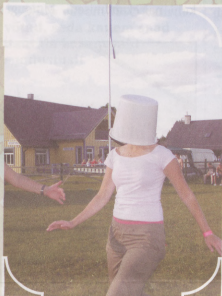
Ebsika viis põgeneda reaalsusest
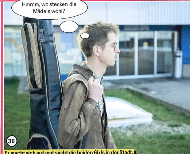
30 Er macht sich auf und sucht die beiden Girls in der Stadt.
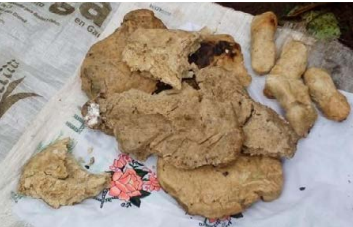
Figura 8a. Comida para Chóokòòb.

Estos son algunos de los conocimientos, creencias y costumbres que se recopilaron a través de esta investigación. El pensamiento maya se refleja en la gastronomía; la filosofía maya en las comidas expresa la vida social cultural de los pueblos y los representa ante otros grupos sociales, el cual es la vida misma que se construye día a día.
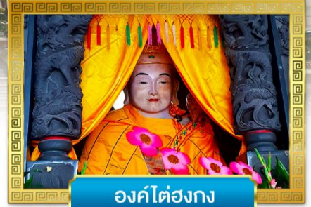
องค์ไต๋องกง
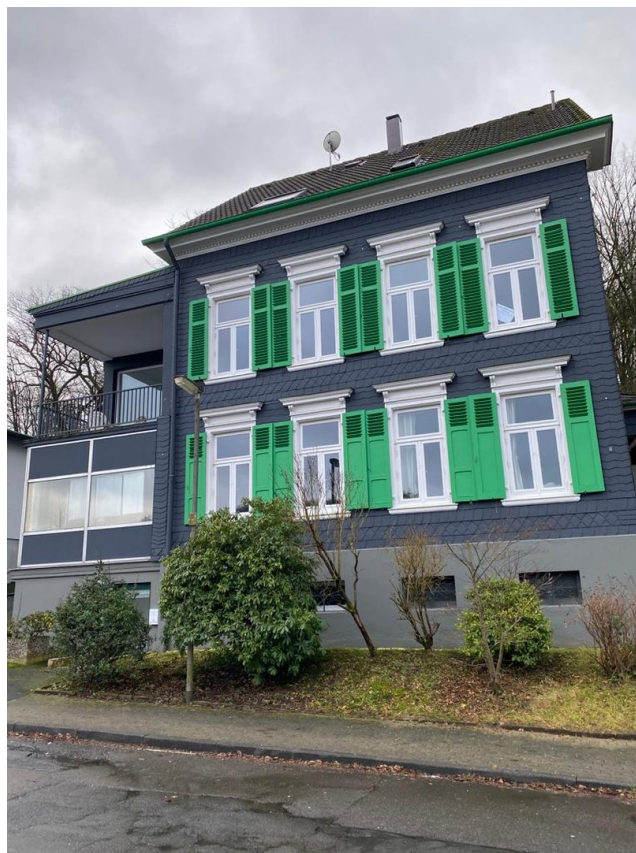
Außenansicht von vorne
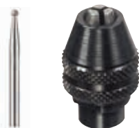
diamantna konica 7103 in vpenjalna stročnica
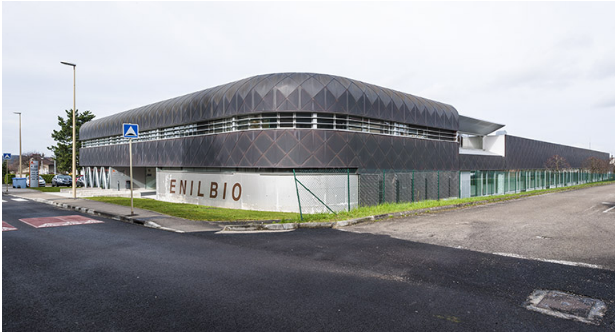
Vue sur les façades est et sud de la halle de génie alimentaire.
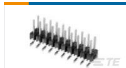
TE 产品编号146130-6 14 MODII HDR DRST SFMNT B/A
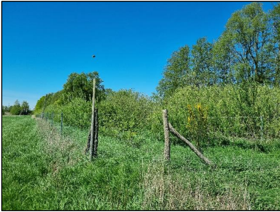
Abb. 7 Heckenkorridor in Dyrotz-Luch I; Stand 05/2023.
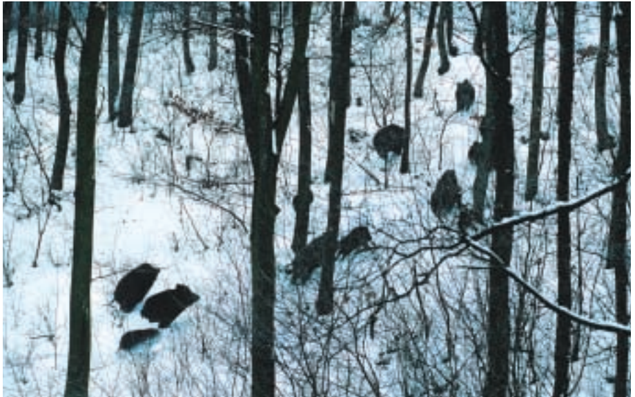
Während Rot- und Damwild gerne mit dem Hang zieht und flüchtet, nehmen Sauen einen Steilhang auch einmal direkt an

Ansitzböcke mit einer Bodenhöhe von etwa anderthalb Metern sind stets ein probates Mittel, um Schützen im ebenen Gelände einen sicheren Schuss zu ermöglichen. In Stangenhölzern kommt man damit aber sehr schnell in den Kronenbereich und hat plötzlich kein ausreichendes Schussfeld mehr. Sind sie aus Sicherheitsgründen unerlässlich, so kommt man um entsprechende Pflegeeingriffe nicht herum. Andererseits können Ansitzböcke aber in Flächen mit unregelmäßiger Verjüngung ausgesprochen hilfreich sein. Schon knapp mannshohe Verjüngungen von stubengröße werden von Rehen gerne als Deckung angenommen. Vom Ansitzbock aus kann man große Bereiche übersehen und bejagen.

○ ○ ○ ○ ○ ○ ○

Transcribe the listing in full. Leave the pictures out.

Ebsika viis põgeneda reaalsusest
30 Er macht sich auf und sucht die beiden Girls in der Stadt.
Figura 8a. Comida para Chóokòòb.

Estos son algunos de los conocimientos, creencias y costumbres que se recopilaron a través de esta investigación. El pensamiento maya se refleja en la gastronomía; la filosofía maya en las comidas expresa la vida social cultural de los pueblos y los representa ante otros grupos sociales, el cual es la vida misma que se construye día a día.
องค์ไต๋องกง
Außenansicht von vorne
diamantna konica 7103 in vpenjalna stročnica
Vue sur les façades est et sud de la halle de génie alimentaire.
TE 产品编号146130-6 14 MODII HDR DRST SFMNT B/A
Abb. 7 Heckenkorridor in Dyrotz-Luch I; Stand 05/2023.
Während Rot- und Damwild gerne mit dem Hang zieht und flüchtet, nehmen Sauen einen Steilhang auch einmal direkt an

Ansitzböcke mit einer Bodenhöhe von etwa anderthalb Metern sind stets ein probates Mittel, um Schützen im ebenen Gelände einen sicheren Schuss zu ermöglichen. In Stangenhölzern kommt man damit aber sehr schnell in den Kronenbereich und hat plötzlich kein ausreichendes Schussfeld mehr. Sind sie aus Sicherheitsgründen unerlässlich, so kommt man um entsprechende Pflegeeingriffe nicht herum. Andererseits können Ansitzböcke aber in Flächen mit unregelmäßiger Verjüngung ausgesprochen hilfreich sein. Schon knapp mannshohe Verjüngungen von stubengröße werden von Rehen gerne als Deckung angenommen. Vom Ansitzbock aus kann man große Bereiche übersehen und bejagen.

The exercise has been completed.